“When I walked out of the execution chamber, I had just watched a man electrocuted to death. He looked at my face before they killed him. The cold protocol that all the guards followed shocked me. I came outside the prison into the dark and vomited.”
Sister Helen Prejean’s remarkable life has had many turning points, none greater than early on the morning on 5 April 1984, when she witnessed the execution of a man who had become her friend.
It was a defining moment for Sister Prejean, whose life was changed forever when in the early 1980s she went to live among poor African Americans in New Orleans. She left a comfortable middle-class life in the suburbs to discover “another America, one which my eyes had been blind to”. She remembers vividly her shock at seeing so much poverty, injustice and police abuse.
Soon afterwards, she became a pen pal to Patrick Sonnier, who was on death row. The letters soon became visits, and two and a half years later came the moment from which there was no turning back – being with Patrick Sonnier when he was executed.
“It just took my life and turned it inside out. I had been a witness to a state killing so I had to tell the story. I also became involved with the victim’s family and saw their suffering and how the death penalty had nothing to do with their healing. If anything, it prolonged their waiting for this illusory healing, which was supposed to come to them by sitting on the front row and watching Patrick die.”
Her involvement with Patrick Sonnier turned Sister Prejean into a formidable opponent of capital punishment. She translated her experiences into a Pulitzer Prize winning book, Dead Man Walking, which then formed the basis of the film written and directed by Tim Robbins.
Sister Prejean also took on, with considerable success, two of the world’s most powerful institutions – the Roman Catholic Church and the US state ¬– and shows no signs of relaxing. Now approaching her 70th birthday, she is still tirelessly campaigning around the world to end capital punishment. She gives around 100 talks a year and continues to visit men and women on death row.
Sister Prejean talks passionately about the many levels of injustice she believes are associated with capital punishment – the racism, the scapegoating of the poor, the damage it does to those who administer it and to society at large, the killing of innocent people and the robbing human beings of their dignity.
“There is no dignity in killing a defenceless person,” she says. “This was the heart of my dialogue with Pope John Paul in 1997. I said that Amnesty International has a principled stand, no exceptions, but the Catholic Church doesn’t. I showed him where he had left a loophole for the death penalty – in his encyclical called The gospel of life – ‘in cases of absolute necessity’. I said to him that you can’t leave it up to governments because they’ll always say it’s absolutely necessary.
“When the Pope came to St Louis in 1999, for the first time he put the death penalty along with all the other pro-life issues.

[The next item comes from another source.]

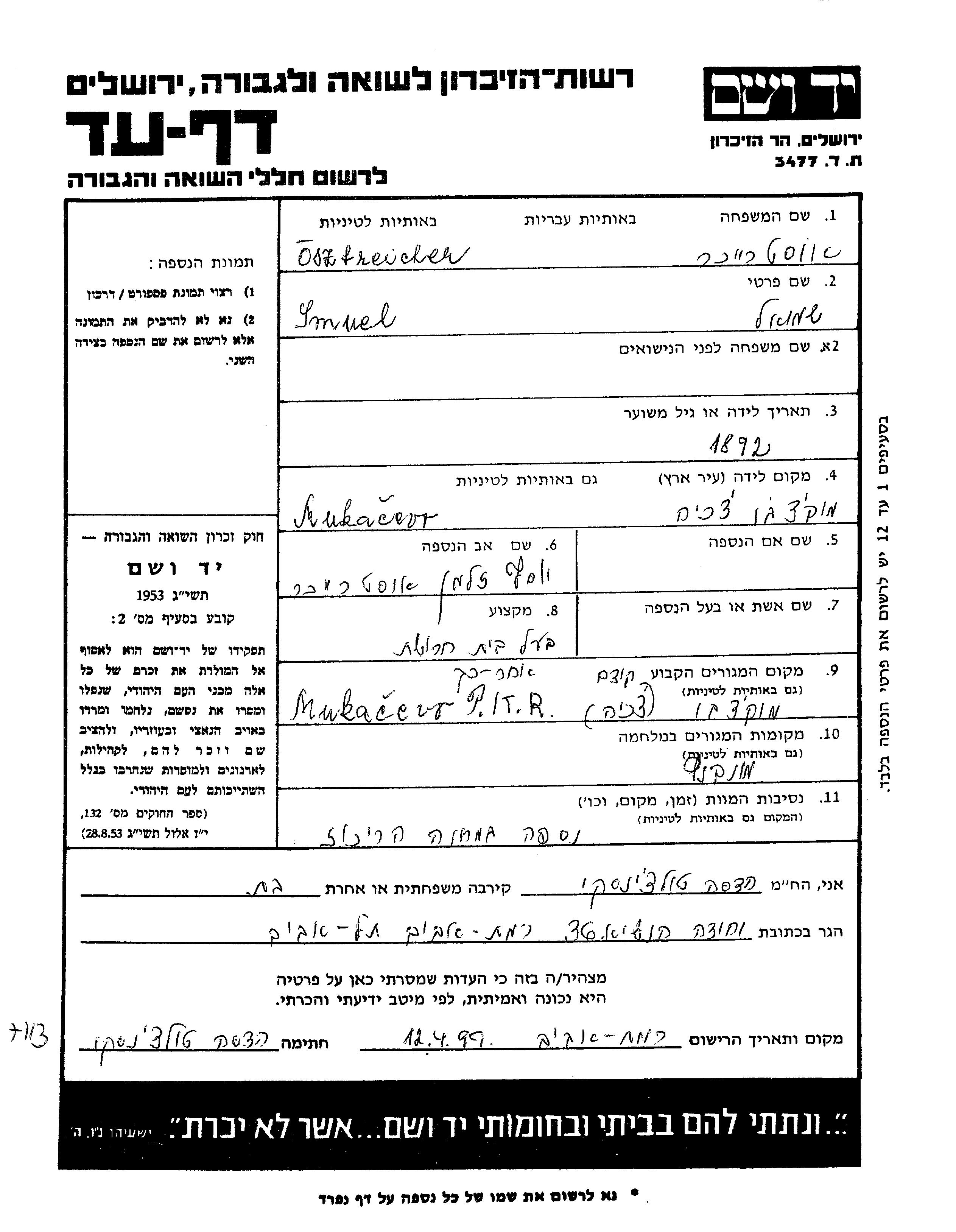 Острейхер Шмуэль 1888 Мункач, Чехословакия Лист свидетельских показаний

He said no to the death penalty because it is cruel, and unnecessary because we have prisons, and then he added that ‘even those among us who have done a terrible crime have a dignity’.

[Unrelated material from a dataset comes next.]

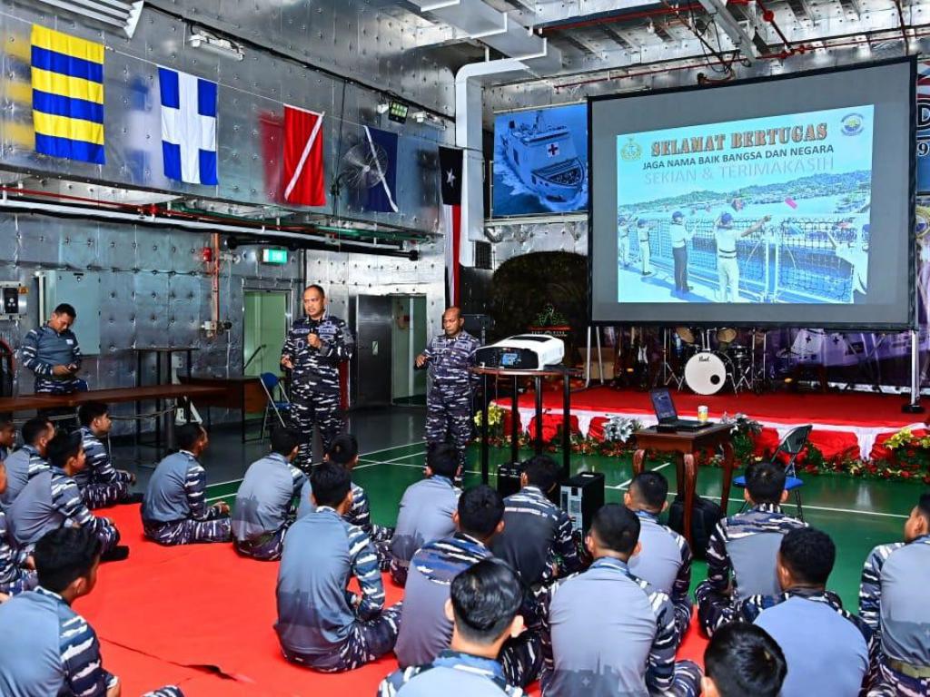 Solomon – Guna meningkatkan pemahaman tentang aspek hukum operasi, Personel Satgas Port Visit 2024 menerima pembekalan Aspek Hukum Operasi dalam Penugasan dan ROE (Rules of Engagement) atau aturan pelibatan yang disampaikan oleh Kepala Dinas Hukum (Kadiskum) Koarmada III Kolonel Laut (H) Abdul Halid Sabale, S.H. di Geladak Heli KRI dr. Wahidin Sudirohusodo (KRI WSH-991) saat berada di Perairan Solomon Islands, Kamis (24/10/2024).

“So our task is to teach people, now we’ve got the policy straight!” says Sister Prejean. “There are 65 million Catholics in the USA. The states that have the most Catholics in them are the states that use the death penalty the least. We can end the death penalty by mobilizing the 65 million Catholics.”
She says Amnesty International taught her that human rights are inalienable, that they are not given by governments to people for good behaviour and cannot be taken away from them for bad behaviour.
“Amnesty became my teacher – far quicker than my own Catholic church, which [at that point] had a compromised position on the death penalty. Amnesty has also taught me about spirit and about how you organize people, and how you go about educating people.”
One of the main lessons Sister Prejean learned was to begin with simple methods. “Write a letter to someone,” she suggests. “If we let that rose fully unfurl it will change our whole life because it is about standing up for the dignity of each person. It is not so much they [the prisoners on death row] who need to be changed. It is us. It will teach us we have one life – and it counts. We’ve got to do essential things, not trivial things.”